В головах господина, у самого стола, под который запихнули меня, спали мальчик и девочка, в таких причудливых позах, будто сон настиг их в разгар игры. Мальчишка во сне, наверно, бежал, потому что его ступни вздрагивали, как от электрического тока. Девочка беспрестанно чмокала губами, в ней было что-то отталкивающее.

Теперь я понял всеми фибрами своего существа: это не сон. Превозмогая ужас, я стал вылезать из-под стола. При этом тело мое издавало звуки, какие издает бамбук, когда его ломают. От этих звуков дама лягнула в бок старуху, старуха поспешно перевернулась на другой бок, но, к счастью, никто не проснулся.

Стоя на одной ноге, как палочка для еды, лишенная пары, я натягивал спущенные брюки.
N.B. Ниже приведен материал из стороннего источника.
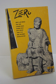 Zero (Vol. V) Zero Press, Los Angeles, 1980. Trade Paperback. Very Good. Ink stamp on front page inside, lightly rubbed, minor corner crease on front cover. 1980 Trade Paperback. 181 pp. A literary journal featuring the work of several important authors - Jorge Luis Borges, Leonard Cohen, and Gary Snyder - among others. A compilation of poems, short stories and interviews. Yesterday's Muse BooksBook number: 1776855 USD 10.00 [Appr.: EURO 7.75 | £UK 6.5 | JP¥ 993] Catalogue: Literature
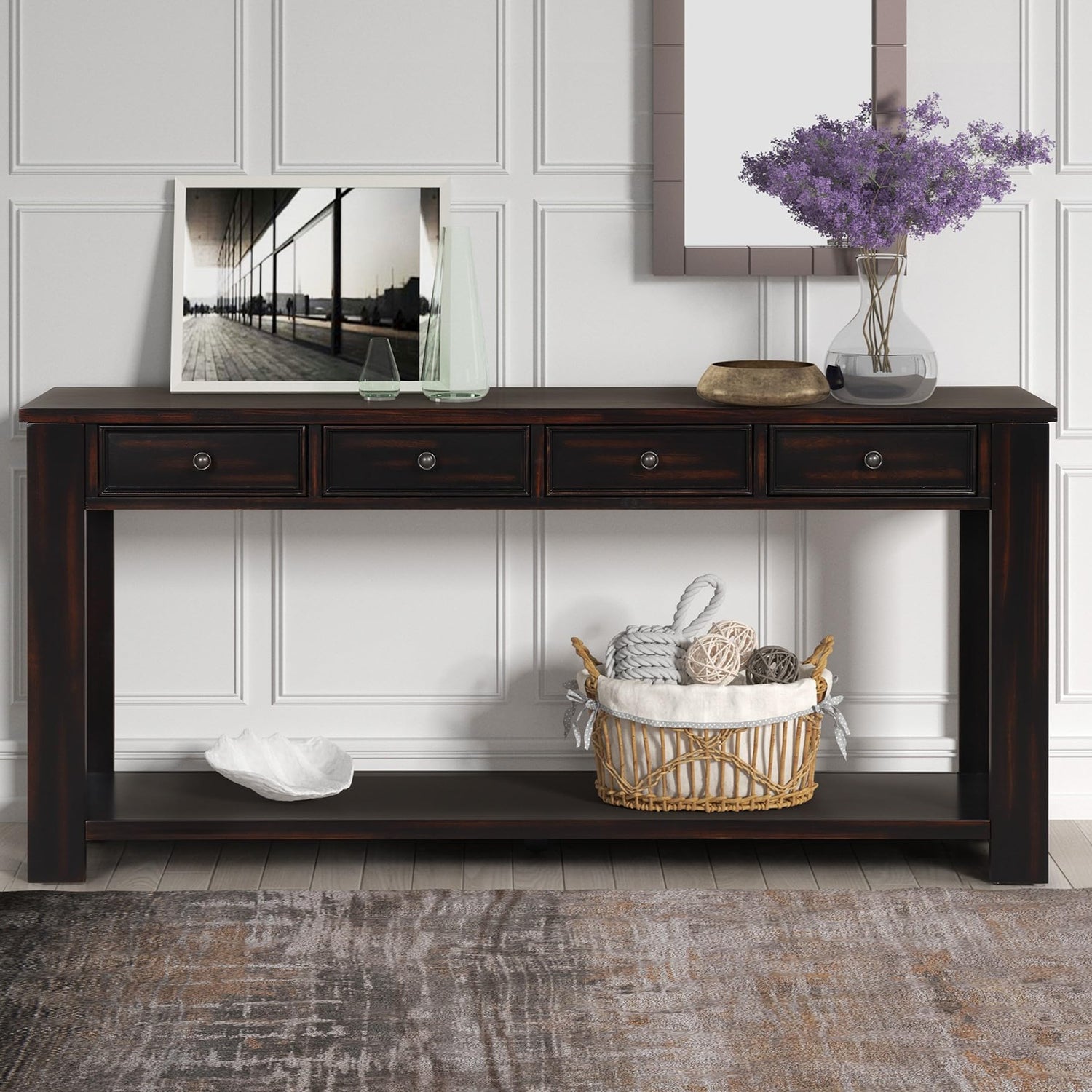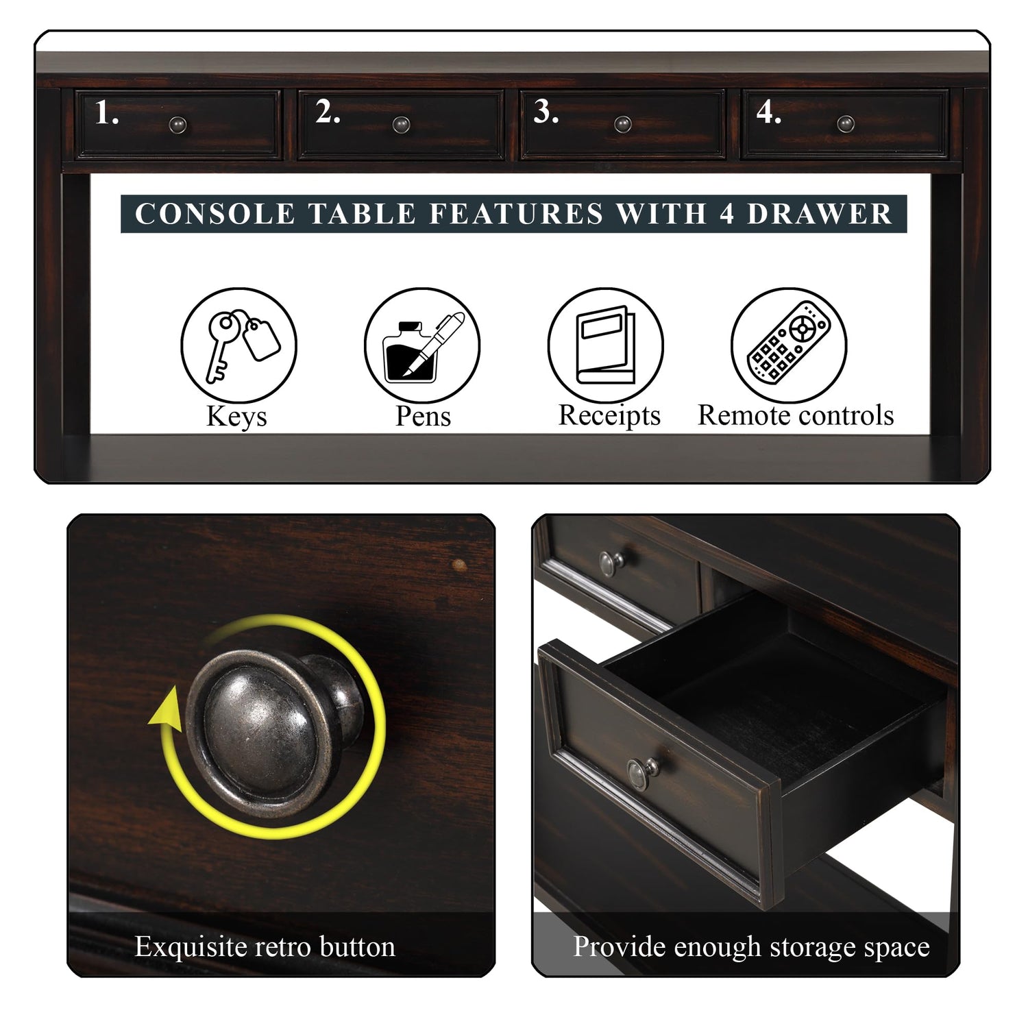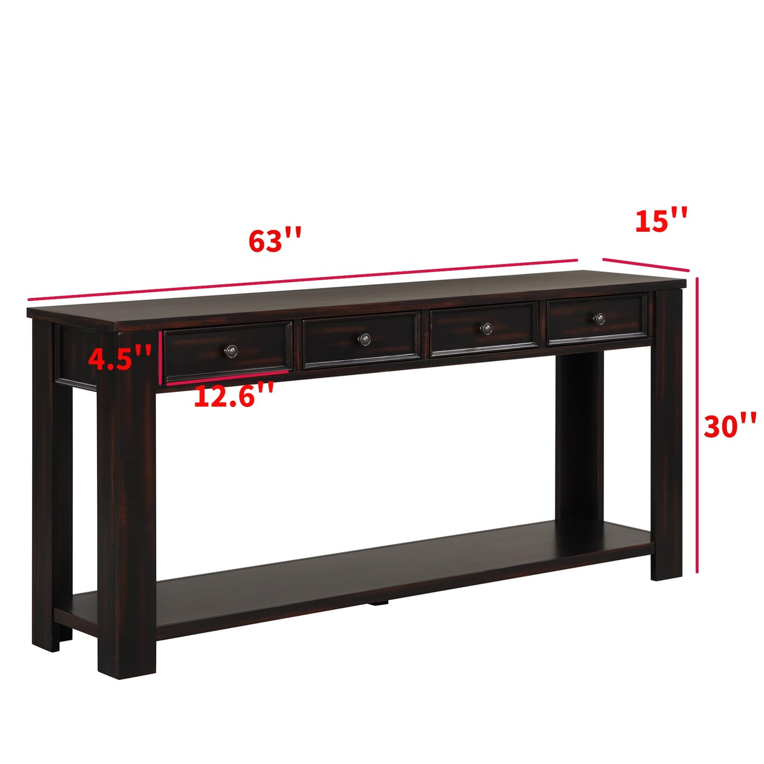 LKTART Solid Wood Console Table 63 in Sofa Table with Storage Drawers and Bottom Shelf Farmhouse Entryway Table for Hallway Foyer Sofa Couch Table

Человек, лишенный последних остатков достоинства. Вдруг мысль, предельно ясная, озарила мое сознание. Комната эта моя, все их речи — просто наглость, сейчас я их подниму и вышвырну как миленьких. Но тут же вспомнилась расправа, учиненная надо мной ночью, и храбрости поубавилось.

Пусть все решает закон. Не может ведь остаться безнаказанным явное попрание всех норм общежития. Существуют же в обществе какие-то нормы.
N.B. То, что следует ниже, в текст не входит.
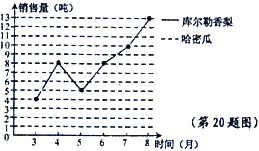 某瓜果销售公司去年3月至8月销售库尔勒香梨,哈密瓜的情况见下表:
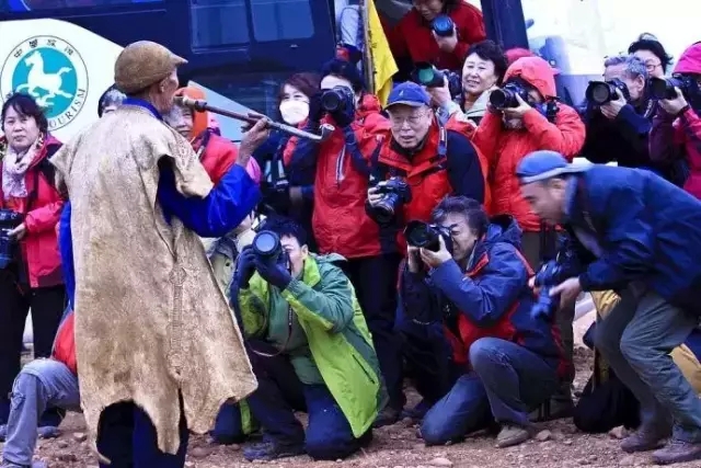 看到主人公的到來(lái),攝影師們興奮異常。老王駕輕就熟地跟攝影師們交涉起來(lái),向他們介紹大片拍攝最佳的時(shí)間和角度。
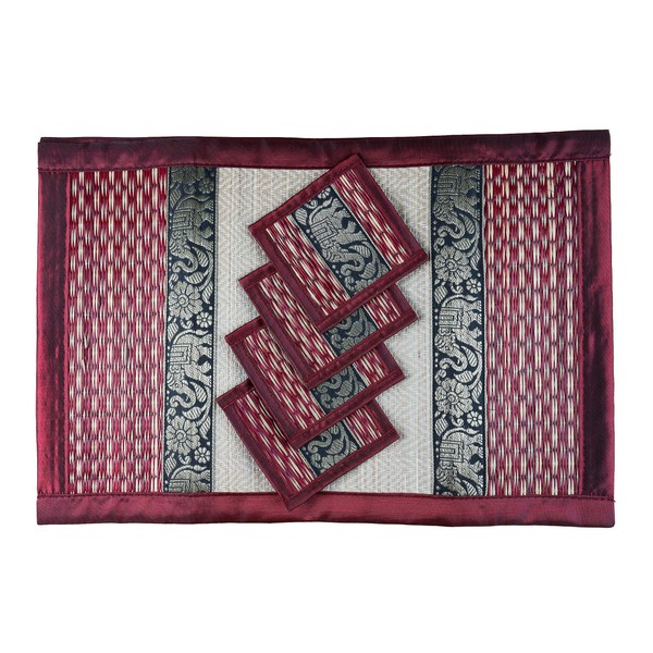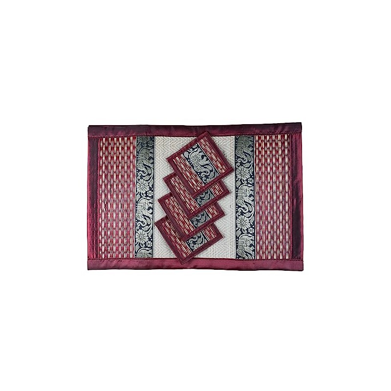 Cccollections Hand-Woven Table Placemats & Coasters Set for Everyday Dining | Thai Style Wicker Placemats Alternative to Plastic Heat Resistant - 4 Pcs
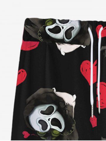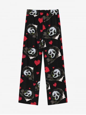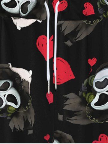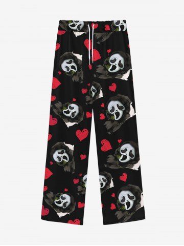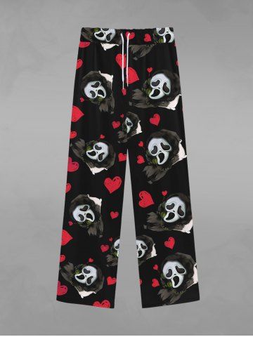 Gothic Valentine's Day Skull Ghost Heart Print Wide Leg Drawstring Sweatpants For Men - Black - Xl
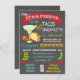 Super cool and modern Tacos and Margaritas Couples Shower Party Invitation. Have a Mexican Fiesta with tacos, tequilla & margaritas with maracas and fun typography against a black chalkboard background. Hand drawn illustration by McBooboo.
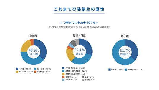 参加者の属性は、起業家、個人事業主、地域おこし協力隊、家業後継者、団体職員、都市部大企業・ベンチャー企業・地方の中小企業の会社員、自治体職員、研究者など多様。20-40代が70%以上。これまでに全国160市町村以上、そのうち61.7%が関東圏以外から参加しています。
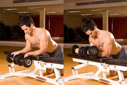 * Flexiona las muñecas, levantando las mancuernas tanto como puedas (las manos deberían llegar hasta unos 60 grados sobre la horizontal). Levántalas a velocidad moderada y mantén los codos y los antebrazos en contacto con el banco en todo momento.
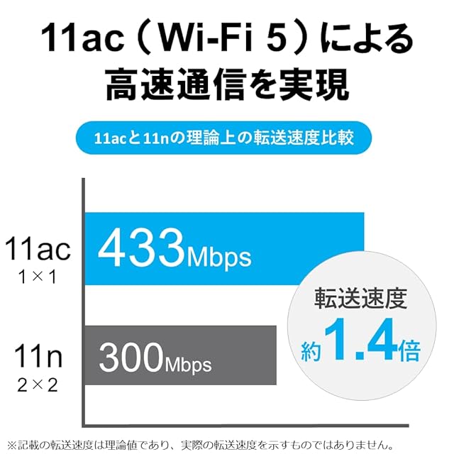【転送速度】11ac:433M、11a:54M、11n:150M、11g:54M、11b:11M
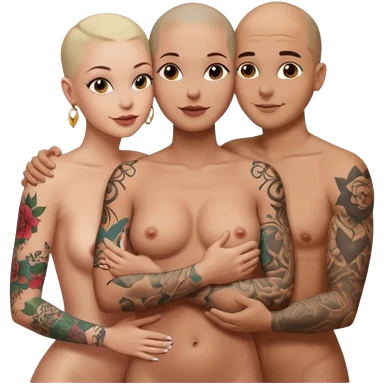 throuple tattooed sleeves bbald male with topless naked big boobed brunette and topless naked big boobed blonde girlfriends lovingl and sexy polygamy emoji
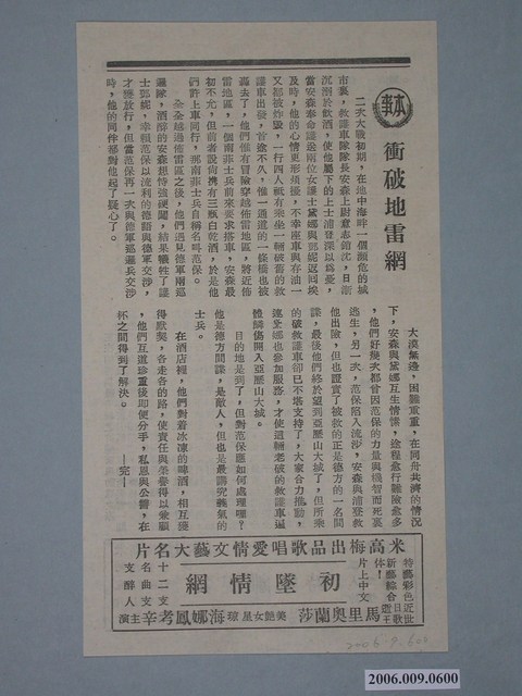 本件保存良好,黑白雙面印刷,為憤怒的山谷The Angry Hills電影本事,由Robert Mitchum、Elisabeth Mueller主演,導演為Robert Aldrich。其他部分為衝破地雷網電影本事、電影父親離家時、初墜情網宣傳。
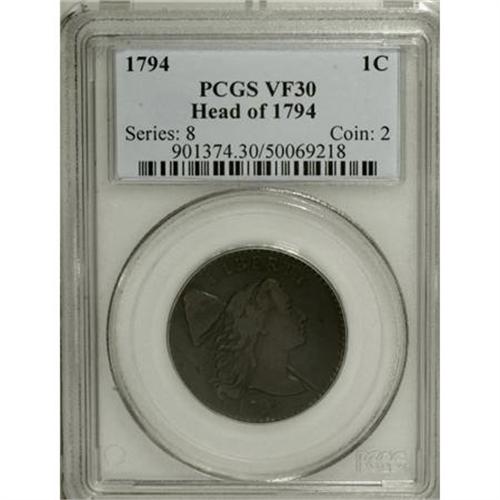 <B>1794 1C Head of 1794 VF30 PCGS.</B></I> S-31, B-13, R.1. One of Maris' Marred Field varieties, named for the die lumps on the lower left obverse field. This lavender-brown 1794 cent is surprisingly void of marks and has attractive eye appeal. Slightly glossy on the lower right reverse, and the field above the date and the TE in UNITED has an irregular texture. EAC 12.<BR><I>From The Arnold & Harriet Collection.</B></I><BR><BR><B>Coin Engraver:</B> Joseph Wright<BR><BR><b>Shipping:</b> Coins & Currency (<a target="_blank" href="http://www.heritageauctions.com/common/shipping.php">view shipping information</a>)
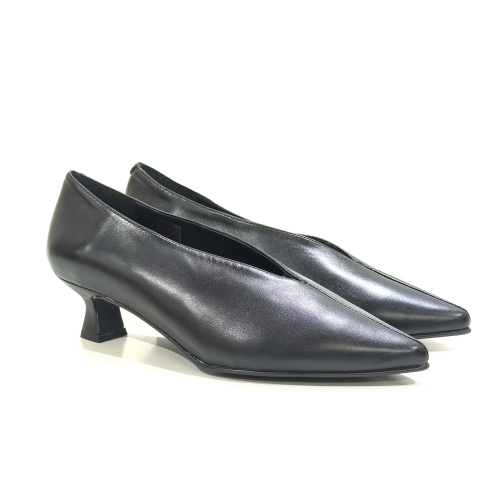 Zapato corte salón, fabricado en piel, con tacón de 4 cm y suela de goma
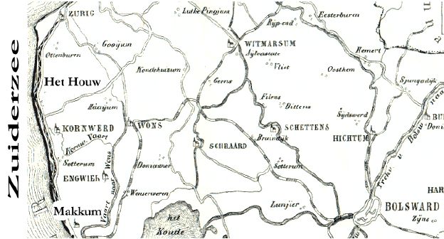 zijn bezit. Hij trok weg via Makkum naar Bolsward en woonde in de Pieter Zaalsteeg nr. 4. Dat is tussen de Kerkstraat en de Kleine Dijlakker.

Стараясь не шуметь, я готовился выйти. Снял со стены пиджак, под ним обнаружился пропавший ремень. Просовывая руки в рукава, проверил карманы. Во-первых, нет кошелька; во-вторых, исчезли зажигалка, трубка, табак. Проездной билет на месте, но подколотые к нему обеденные талоны и фотография С. (моей девушки) исчезли. Только шариковая ручка и записная книжка во внутреннем кармане оставались в сохранности.

Пораженный в самое сердце, я тем не менее решил принять это как должное. Выйду, думаю, на улицу, глотну свежего воздуха и там что-нибудь придумаю. Скользнул в щелку двери и крадучись, на цыпочках вышел в прихожую.
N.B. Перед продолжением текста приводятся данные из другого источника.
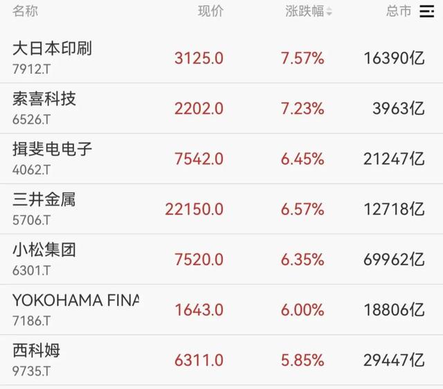 个股方面,索喜科技、三井金属、西科姆等涨幅居前。软银集团股价涨幅最高达8.5%,创1月28日以来最大涨幅。
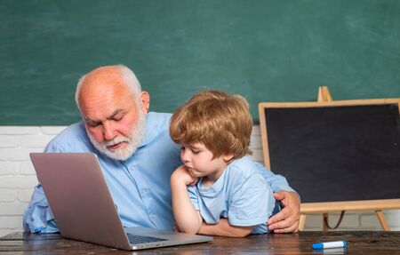 Grandfather talking to grandson. Concept of education and teaching. Teacher and schoolboy using computer in class over blackboard. Daddy and his little son.
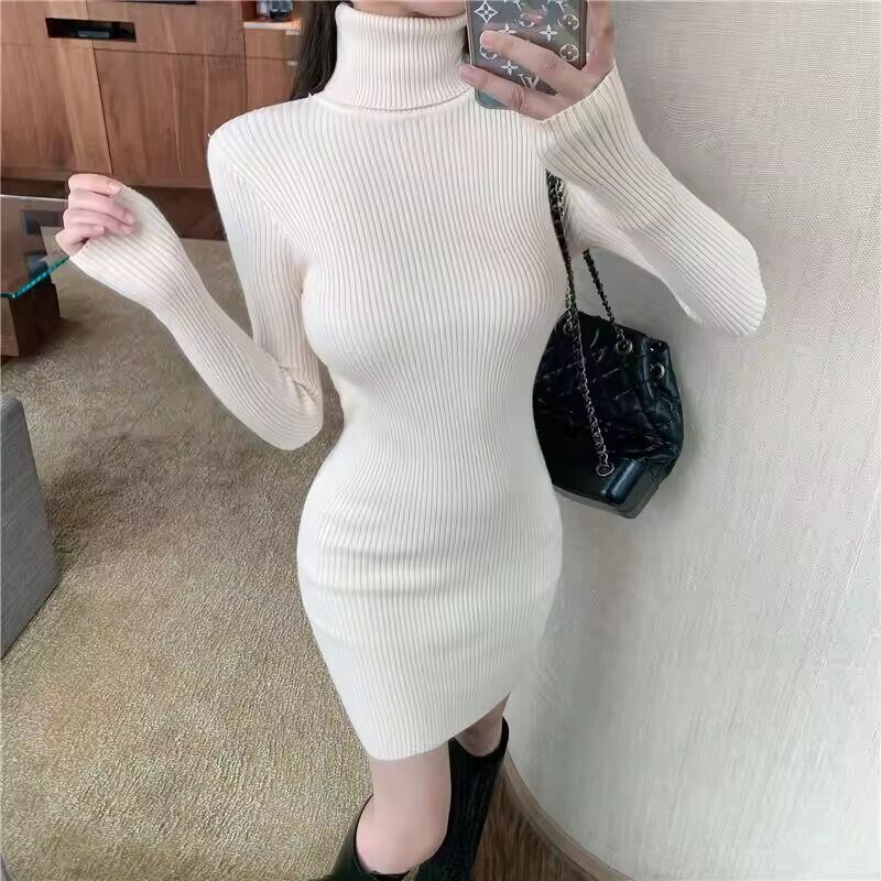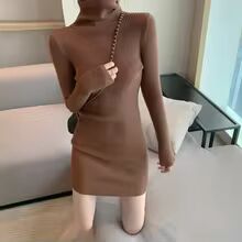 【送料無料】 女性秋冬タートルネック暖かいボディコンドレス長袖ニット固体オフィスプルオーバーセクシーなミニドレス女性のための 2025

Вздохнул с облегчением. Но тут на плечо мне легла чья-то рука, — девушка с милым лицом. Она приблизилась ко мне вплотную, словно опасаясь кого-то, и сказала, обдавая меня молочным дыханием:

— Извините, пожалуйста, но пока все встанут, надо бы вскипятить чай и приготовить завтрак. Братья по утрам вечно не в духе. Если что-нибудь будет не так, устроят собрание, и для вас же будет хуже.

Я ничего не ответил. Собирался обуться, но потом передумал и вышел на улицу с ботинками в руках…

Надо с кем-то посоветоваться! — вот первое, что пришло мне в голову Положение, в которое я попал, заставило меня горько пожалеть о том образе жизни, который я вел до сегодняшнего дня. Я пожалел, что не установил более близких отношений с соседями по дому. Теперь мне и поговорить не с кем, еще, пожалуй, на смех поднимут. Стараясь не шуметь, я дошел до уборной и только здесь обулся. Ополоснул лицо, утерся подолом рубашки. После этого я почувствовал себя бодрее. Мое мужество окрепло настолько, что я даже принял решение: дай-ка я поговорю с управляющим! Это уже в самом деле можно было назвать решением.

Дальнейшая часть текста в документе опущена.